The purpose of real time computing is to execute, by the appropriate deadlines its critical control tasks.The allocation/scheduling problem is: Given a set of tasks, task precedence constraints, resource requirements, task characteristics and deadlines we are asked to devise a feasible allocation/schedule on a given computer.
It’s an ongoing topic of research and the vast majority of assignment/scheduling problems on systems with more than two processors are NP-complete.
2). Basic Terminologies:
Task: Formally speaking a task consumes resources and puts out one or more resources. Each task has resource requirements. All tasks require some execution time on a processor. Tasks may have precedence constraints. Also a task may require a certain amount of memory or access to a bus.Sometimes, a resource must be exclusively held by a task. (i.e. the task must have the sole possession of it).In other cases the resources are non exclusive. The same physical resource may be exclusive or nonexclusive depending on the operation to be performed on it. For instance memory object (or anything else to which the writing is not atomic) that is being read is nonexclusive. However while it is being written into, it must be held exclusively by the writing task.
The release time of a task is the time at which all the data that are required to begin executing are available, and the deadline is the time by which the task must complete its execution .The deadline may be hard or soft depending on the nature of the corresponding task .
The relative deadline of a task is the absolute deadline minus the release time. That is, if task Ti a relative deadline di and is released at time t, it must be executed by time t+di .The absolute deadline is the time by which the task must be completed.So, in this case the absolute deadline is t+di .
Types of Tasks: A task may be periodic, sporadic or aperiodic.
• Periodic Task: A task Ti is periodic if it is released periodically, say every Pi seconds.
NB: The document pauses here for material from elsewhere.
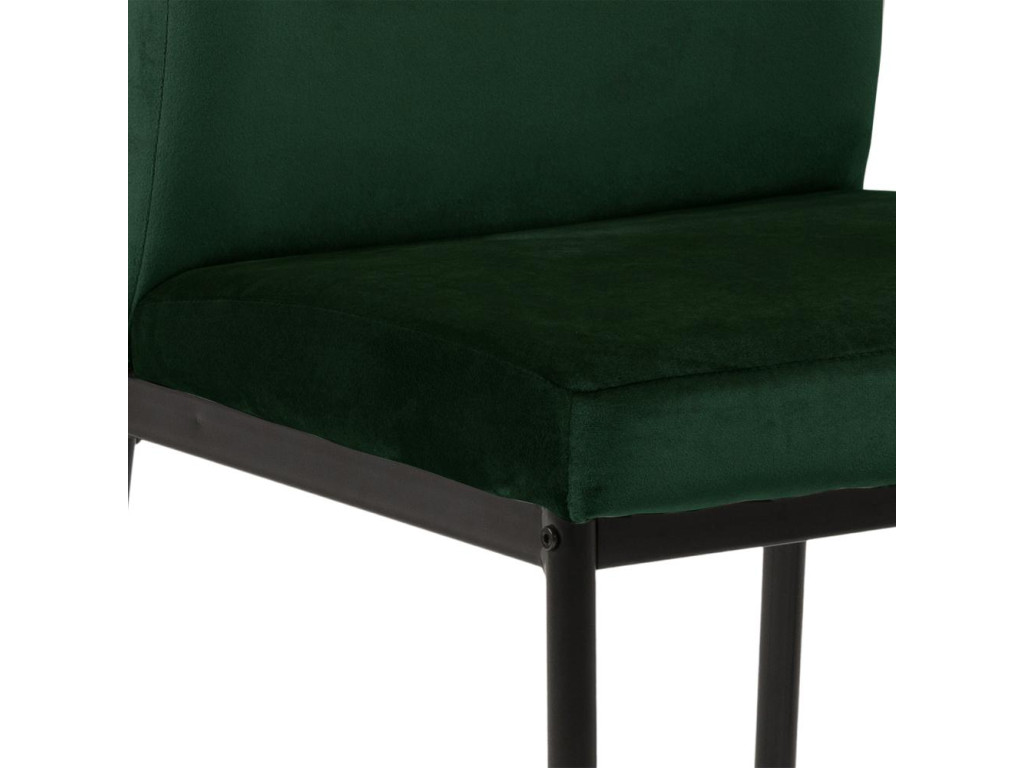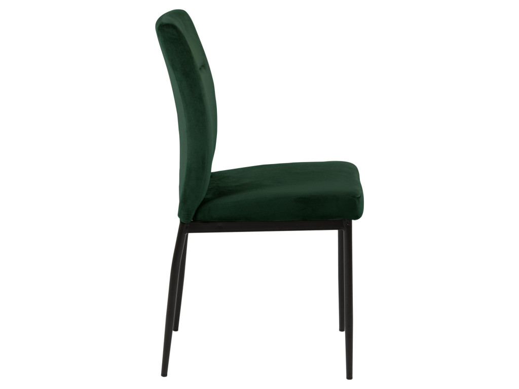 Stolička Demi v tmavozelenej farbe dodáva interiéru sviežosť a štýl. Oceľová základňa zaručuje pevnosť, zatiaľ čo čalúnenie poskytuje pohodlie pri dlhšom sedení. Horizontálne prešívanie zvýrazňuje moderný vzhľad. Vhodná do jedálne alebo kuchyne s dizajnovým zameraním.

Pi is called the period of task Ti. The periodicity constraint requires the task to run exactly once every period; it does not require that the tasks be run exactly one period apart. Quite commonly the period of a task is also it’s deadline.
• Sporadic Task: The task is sporadic if it is not periodic but may be invoked at irregular intervals. Sporadic tasks are characterized by an upper bound on the rate at which they may be invoked. This is commonly specified by requiring that the successive invocations of a sporadic task Ti be separated in time by at least t(i) seconds.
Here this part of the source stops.